Al Capone tutukluluğunun ilk yılını Atlanta hapishanesinde geçirdi ve 1934'te Alcatraz adasındaki "The Rock" olarak bilinen hapishaneye transfer edildi ve beş yıl sonra neredeyse çaresiz ve ölüme mahkum bir hasta olarak serbest bırakıldı. New York'ta gençlik yıllarının kaygısız yıllarında yakalandığı frenginin tedavi edilmemesi sonucu sağlığını kaybeden Dr. Kısa bir süre sonra yapılan yeniden yargılama sonucunda Capone'un deli olduğu ilan edildi ve kendi ailesinin vesayeti altına alındı. Aynı zamanda, ona sadık kalan Chicagolu gangsterler, uzun yıllar süren aramaların ardından sonunda adını değiştiren ve Capone'un uzun süredir düşmanını kendi arabasında vahşice öldüren Eddie O'Hare'i buldu. Yaşlı Capone bu zamana kadar tamamen zayıflamıştı ve eski imparatorluğun yeniden kurulması söz konusu bile olamazdı ve birkaç gangster arkadaşı birkaç yıl boyunca düzenli olarak hasta Don'larını ziyaret etmeye ve "on merkezi mağazanın ele geçirilmesi" hakkında hayali hikayeler anlatmaya devam etmelerine rağmen ” ve “Amerika'nın suç ailelerinin başkanlarından saygılı bir mesaj” ve özellikle eski muhasebecinin bu şekilde kazandığı milyonların hayali bir hesabını tutması nedeniyle, Chicago'nun tamamen zayıflamış kralının sonu çoktan yaklaşmıştı.

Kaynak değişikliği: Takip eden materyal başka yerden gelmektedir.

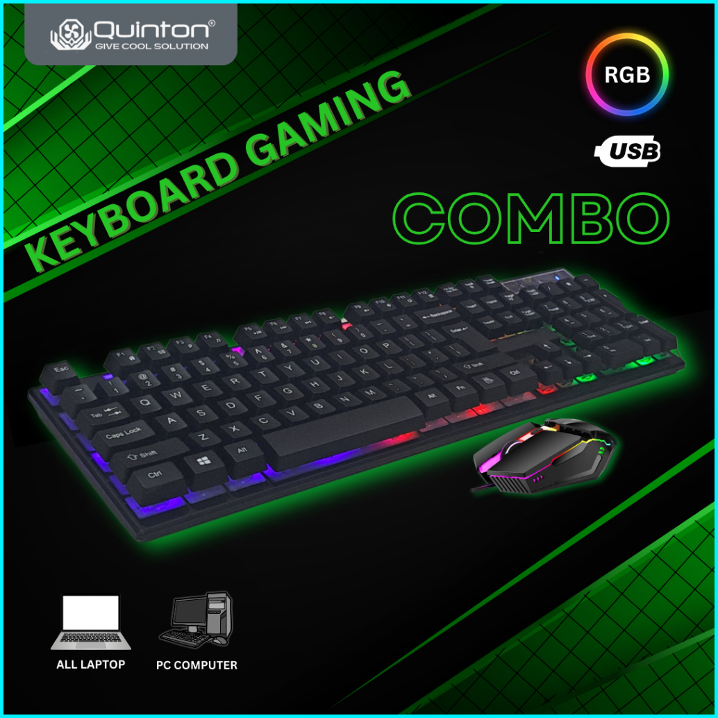 Quinton Keyboard Combo Mouse Gaming Rgb Usb Wired Full Size 104keys For Desktop Pc Laptop Windows

Ocak 1947'de Alfonso Capone, büyük bir beyin kanaması sonucu öldü. Cesedi Florida'dan Chicago'ya nakledildi ve burada hemen makineli tüfeklerle silahlanmış birkaç düzine gangsterin koruması altına girdi: Capone, ölümünden sonra bile Amerikan yeraltı dünyasının lejyonlarına komuta etmeye devam etti. Kapalı cenaze töreninin ardından eski kral Chicago, ailenin isteği üzerine, efsanevi gangsterin bugüne kadar dinlendiği mütevazı bir mezar taşının altına gömüldü.